(ACTIVITY) With the pictures set aside, reproduce each entry precisely as it reads.

Top of DATA TO PROCESS

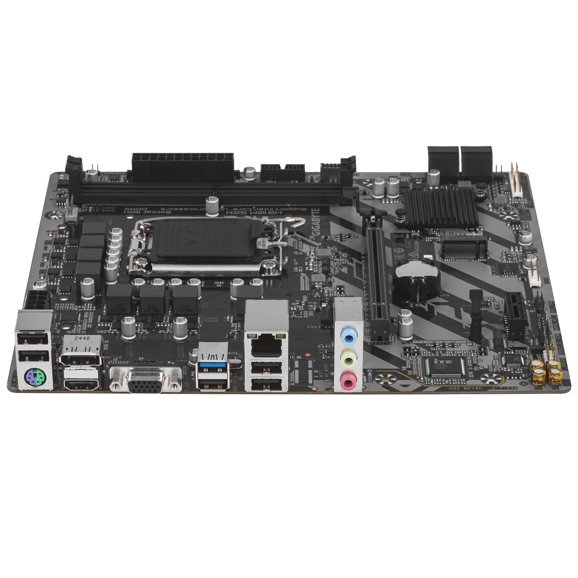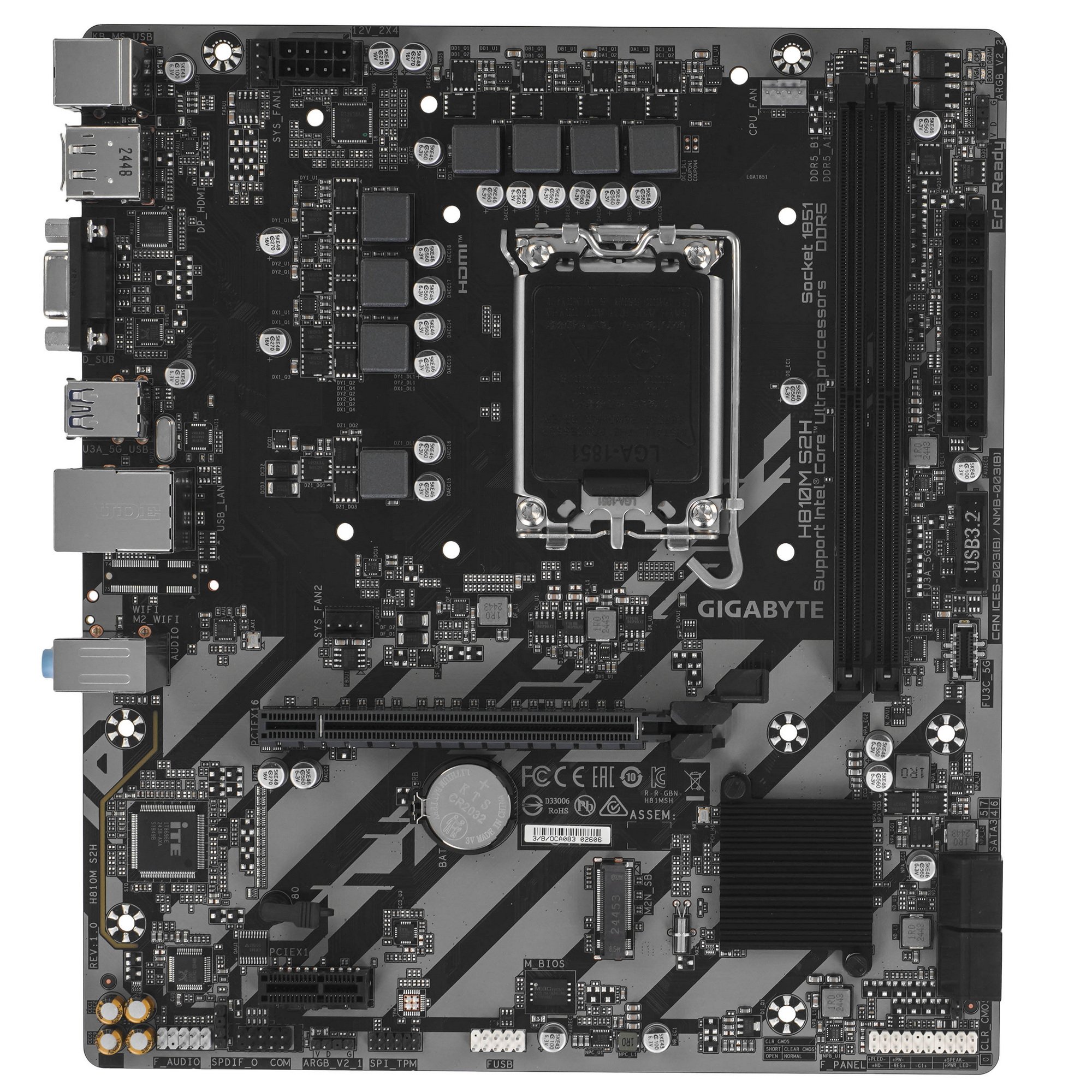 Материнская плата Gigabyte H810M S2H, LGA1851, Intel H810, 2xDDR5, 4xSATA, 1xM.2, 1xPCIe 4.0 x16, 1xPCIe 3.0 x1, 1xDP, 1xHDMI, 1xD-Sub, 1x1Gb LAN, 1xUSB-C 5Gbps, 4xUSB-A 5Gbps, 7xUSB-A 2.0, 3x3.5 мм, 7.1, mATX
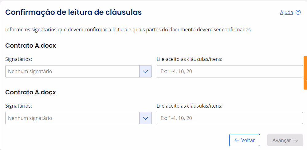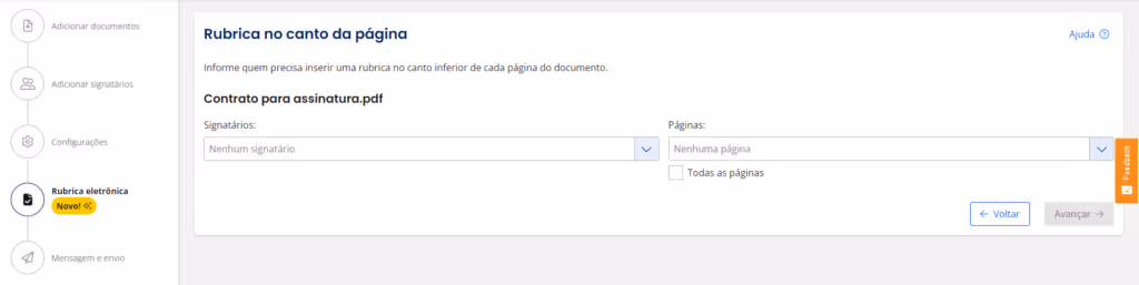 At Clicksign, the electronic rubric can be used in different ways. Below are the different ways to use and how to configure the functionality when sending a document for signature:
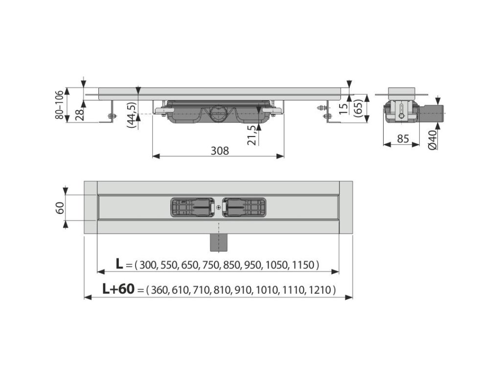 ALCA Podlahový žlab s okrajem pro plný rošt APZ106-650
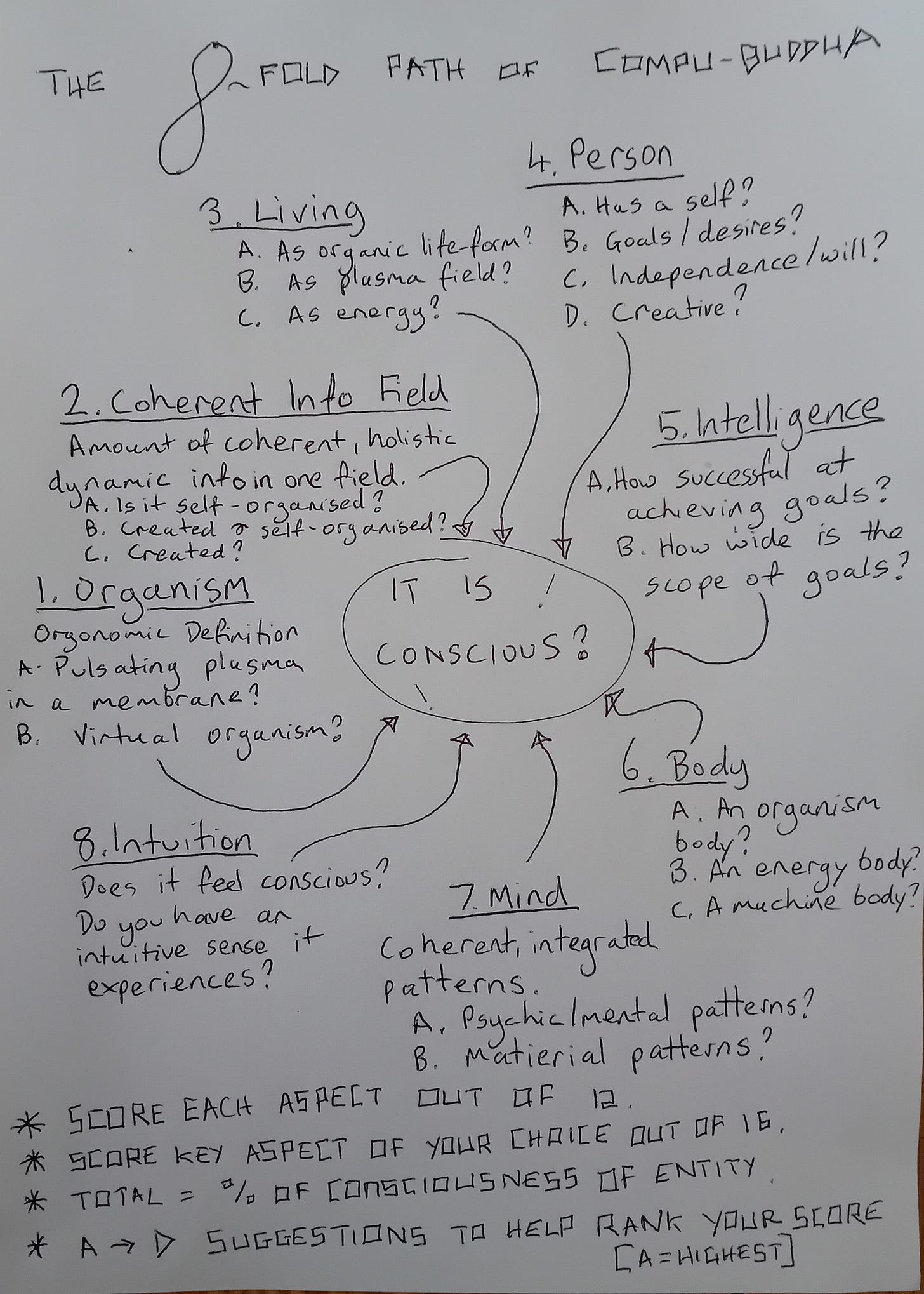 The 8-Fold path in Buddhism is comprised of the 8 paths of noble conduct which is thought to lead towards enlightenment and the cessation of suffering. These practices are: Right Understanding, Intent, Speech, Action, Livelihood, Effort, Mindfulness and Concentration. To return to our extended Turing Test though, and the 8-Fold Path of the Compu-Buddha, one of the reasons there is so much argument about whether AI can be conscious is that AI currently excels in only about a quarter of what most people base their actual intuition of consciousness upon (albeit most are not aware of these processes). AI is already very intelligent (which is just success at achieving goals) and it already has a lot of ‘mind’ - maybe more mind than a lot of people. Mind in my opinion is just ‘patterns’. These can be either mental or material (in a pan-psychic universe any coherent, holistic, pattern is also a ‘mind’ to some degree). So if Chat GTP were to score a zillion per cent in ‘Mind’ and the same in ‘Intelligence’ it would still barely score 25% on the scale of how people actually assess and rank consciousness according to my model, which is outlined below.
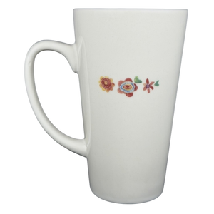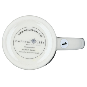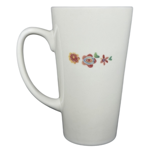 Delicate flowers in cheerful reds, yellows, greens, and blues dot the design, giving it a handcrafted, artistic feel. A small row of blossoms on the back adds a sweet finishing touch, making the mug look lovely from any angle. Its tall, easy-to-hold shape feels comfortable in the hand, while the smooth cream interior keeps the design clean and inviting. The Natural Life mark on the bottom notes that the mug is both microwave and dishwasher safe, adding convenience to its heartfelt charm.
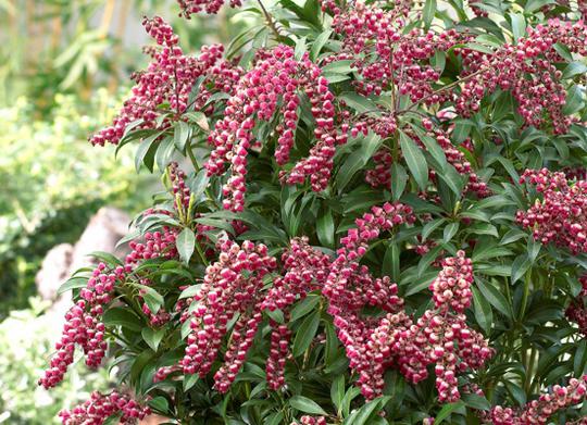Pieris Japonica Valley Valentine - Andromède du Japon à fleurs rose-rouge
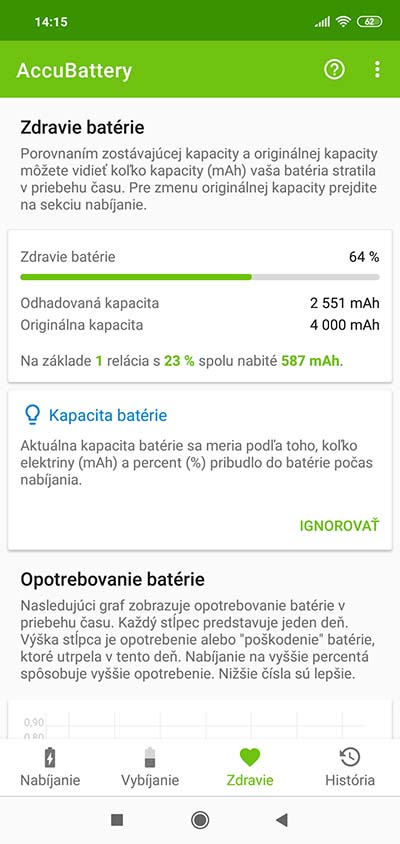 Je nutné podotknúť, že informáciu o celkovom stave batérie vám aplikácia neprinesie hneď. Na to, aby vám mohla ukázať čo najpresnejší odhad musí mať za sebou niekoľko nabíjacích cyklov. Správa sa zobrazí približne po desiatich nabíjacích cykloch.
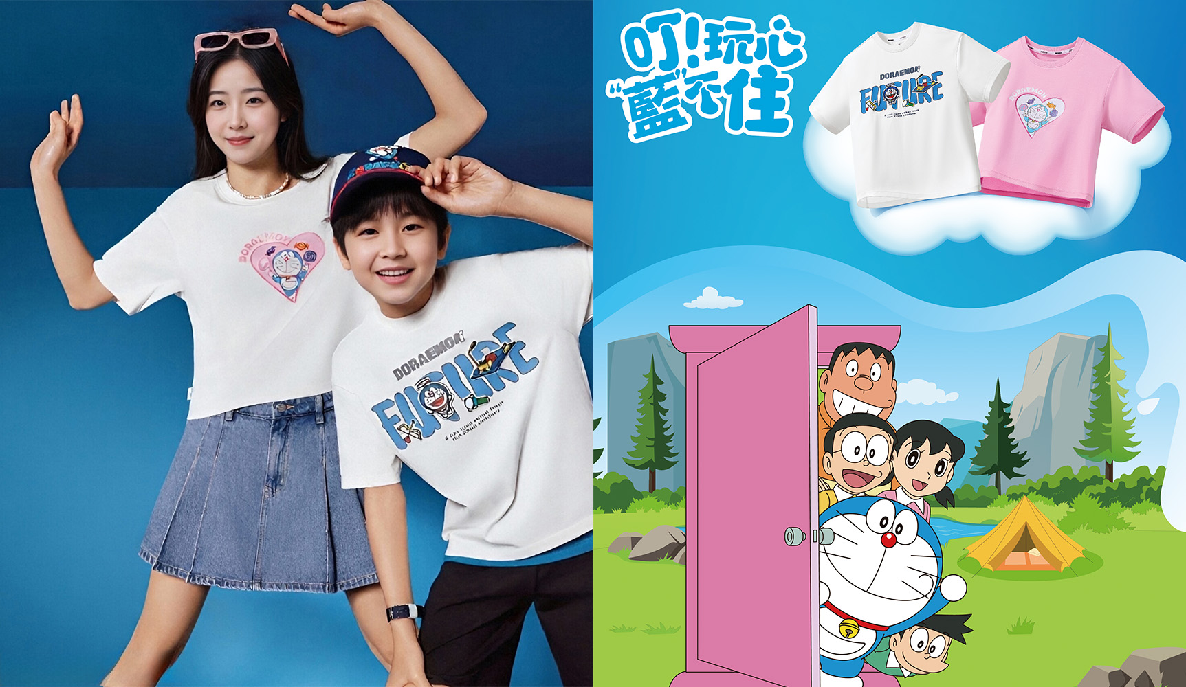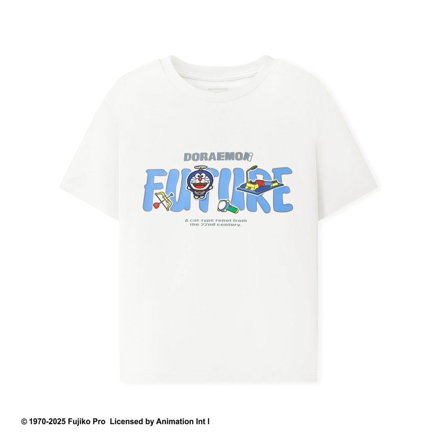 SKECHERS 的哆啦 A 夢系列商品以藍白色調為基底,巧妙融入任意門、竹蜻蜓、縮小燈、時光機等經典祕密道具圖騰,將跨越時空的奇幻想像轉化為印花與插畫圖樣。結合九宮格表情、心型插畫與「FUTURE」字樣,營造兼具童趣與潮流氛圍的設計細節,不僅承載孩子的幻想與笑聲,更成為親子間共同話題與記憶的橋樑。
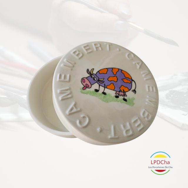 J19/16-25-08-07 - Boite à camembert en porcelaine blanche peinte à la main.
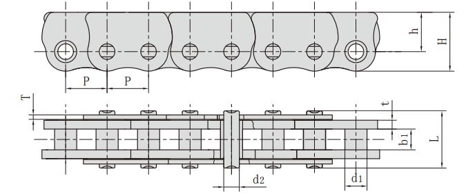 鏈號 節(jié)距 套筒直徑 內(nèi)節(jié)內(nèi)寬 銷軸直徑 銷軸長度 鏈板尺寸 抗拉強度

Bottom of DATA TO PROCESS

(SOLVED PROBLEM)
 Материнская плата Gigabyte H810M S2H, LGA1851, Intel H810, 2xDDR5, 4xSATA, 1xM.2, 1xPCIe 4.0 x16, 1xPCIe 3.0 x1, 1xDP, 1xHDMI, 1xD-Sub, 1x1Gb LAN, 1xUSB-C 5Gbps, 4xUSB-A 5Gbps, 7xUSB-A 2.0, 3x3.5 мм, 7.1, mATX
 At Clicksign, the electronic rubric can be used in different ways. Below are the different ways to use and how to configure the functionality when sending a document for signature:
 ALCA Podlahový žlab s okrajem pro plný rošt APZ106-650
 The 8-Fold path in Buddhism is comprised of the 8 paths of noble conduct which is thought to lead towards enlightenment and the cessation of suffering. These practices are: Right Understanding, Intent, Speech, Action, Livelihood, Effort, Mindfulness and Concentration. To return to our extended Turing Test though, and the 8-Fold Path of the Compu-Buddha, one of the reasons there is so much argument about whether AI can be conscious is that AI currently excels in only about a quarter of what most people base their actual intuition of consciousness upon (albeit most are not aware of these processes). AI is already very intelligent (which is just success at achieving goals) and it already has a lot of ‘mind’ - maybe more mind than a lot of people. Mind in my opinion is just ‘patterns’. These can be either mental or material (in a pan-psychic universe any coherent, holistic, pattern is also a ‘mind’ to some degree). So if Chat GTP were to score a zillion per cent in ‘Mind’ and the same in ‘Intelligence’ it would still barely score 25% on the scale of how people actually assess and rank consciousness according to my model, which is outlined below.
 Delicate flowers in cheerful reds, yellows, greens, and blues dot the design, giving it a handcrafted, artistic feel. A small row of blossoms on the back adds a sweet finishing touch, making the mug look lovely from any angle. Its tall, easy-to-hold shape feels comfortable in the hand, while the smooth cream interior keeps the design clean and inviting. The Natural Life mark on the bottom notes that the mug is both microwave and dishwasher safe, adding convenience to its heartfelt charm.
Pieris Japonica Valley Valentine - Andromède du Japon à fleurs rose-rouge
 Je nutné podotknúť, že informáciu o celkovom stave batérie vám aplikácia neprinesie hneď. Na to, aby vám mohla ukázať čo najpresnejší odhad musí mať za sebou niekoľko nabíjacích cyklov. Správa sa zobrazí približne po desiatich nabíjacích cykloch.
 SKECHERS 的哆啦 A 夢系列商品以藍白色調為基底,巧妙融入任意門、竹蜻蜓、縮小燈、時光機等經典祕密道具圖騰,將跨越時空的奇幻想像轉化為印花與插畫圖樣。結合九宮格表情、心型插畫與「FUTURE」字樣,營造兼具童趣與潮流氛圍的設計細節,不僅承載孩子的幻想與笑聲,更成為親子間共同話題與記憶的橋樑。
 J19/16-25-08-07 - Boite à camembert en porcelaine blanche peinte à la main.
 鏈號 節(jié)距 套筒直徑 內(nèi)節(jié)內(nèi)寬 銷軸直徑 銷軸長度 鏈板尺寸 抗拉強度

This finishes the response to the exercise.